# DATA WAREHOUSING

**What is a Data Warehouse**
- A data warehouse is a centralized system that collects and stores large amounts of historical data from various sources, such as sales, marketing, and finance systems, to support business intelligence, reporting, and analytics. 
- It serves as a single source of truth for an organization, providing a unified and consistent view of data over time to help business users make informed decisions. 
- Data warehouses differ from operational databases, which support daily operations, by being optimized for analytical queries and long-range historical analysis.  

**Key characteristics:**

- **Centralized Repository**: It consolidates data from multiple sources into one location. 
- **Integrated Data**: Data is cleaned, transformed, and standardized into a consistent format for easier analysis. 
- **Historical Data**: It stores vast amounts of past data, allowing for trend analysis and long-term insights. 
- **Non-Volatile**: Data in a data warehouse is typically not updated or deleted once stored, preserving historical context. 
- **Subject-Oriented**: It focuses on specific business subjects, like sales or customer behavior, rather than daily transactions. 

**Purpose and Use:**

- **Business Intelligence (BI)**: Data warehouses are a foundational component of BI, providing the data for dashboards, reports, and analytics tools. 
- **Informed Decision-Making**: By providing a comprehensive, integrated view of historical and current data, they help businesses understand performance, identify trends, and make smarter decisions. 
- **Data Mining and Analytics**: It provides a rich dataset for data scientists and analysts to perform data mining, data visualization, and advanced analytics. 

**How it works (ETL):**

- **Extract**: Data is extracted from various source systems (e.g., databases, applications, CRM systems). 
- **Transform**: The extracted data is cleaned, standardized, and formatted into a common structure. 
- **Load**: The transformed data is then loaded into the data warehouse for analysis. 
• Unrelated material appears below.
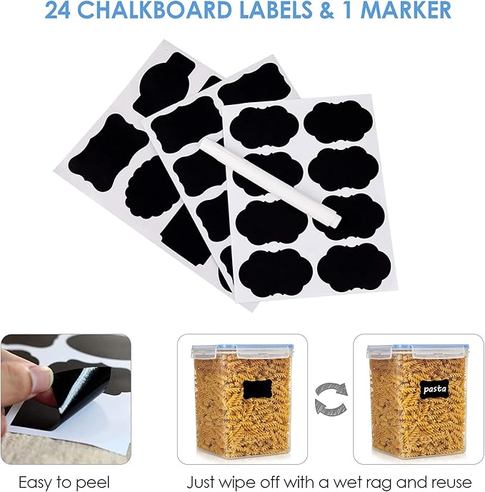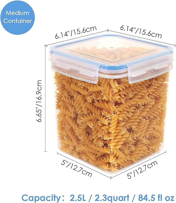 Vtopmart Food Storage Containers 2.5L / 84.5oz, 4 Pieces BPA Free Plastic Airtight Canister for Flour, Sugar, Baking Supplies, with 4 Measuring Cups and 24 Labels, Blue

In essence, a data warehouse acts as a strategic data hub, transforming raw operational data into actionable insights that drive business growth and competitive advantage. 


## ETL Techniques
- ETL (Extract, Transform, Load) is a data integration technique that involves Extracting data from various sources, Transforming it into a usable format by cleansing and structuring it, and then Loading it into a target system, like a data warehouse. 
- Key ETL techniques include ``batch processing``, for periodic data transfers; ``incremental ETL`` using change data capture to only process new or changed data; ``data cleansing`` to ensure accuracy; and ``data profiling`` to understand data quality before processing.  

**Key ETL Techniques**

1. **Extraction**: 
This involves pulling raw data from different sources, such as CRMs, ERPs, or flat files. 
- ``Full Extraction``: Retrieves all the data from the source system at once. 
- ``Incremental Extraction (Change Data Capture)``: Uses time or date-based tools to identify and extract only the data that has changed since the last extraction. 
- ``API Extraction``: Utilizes Application Programming Interfaces to communicate with software and operating systems to extract data. 
2. **Transformation**: 
Here, the extracted data is manipulated, cleaned, and standardized. 
- ``Data Cleansing``: Corrects errors, removes duplicates, and standardizes data formats to improve quality. 
- ``Data Derivation``: Creates new data fields by applying business rules or calculations to existing data. 
- ``Data Aggregation``: Summarizes data into a more concise form by grouping and combining related records. 
- ``Data Integration``: Merges data from different sources into a single, unified dataset. 
- ``Data Filtering``: Selects only the relevant data based on specific criteria for the target system. 
3. **Loading**: 
This is the process of storing the transformed data into a target destination, typically a data warehouse or data lake. 
- ``Full Load``: Writes the entire dataset into the target system. 
- ``Incremental Load``: Updates or adds new data to the existing target system based on changes in the source data. 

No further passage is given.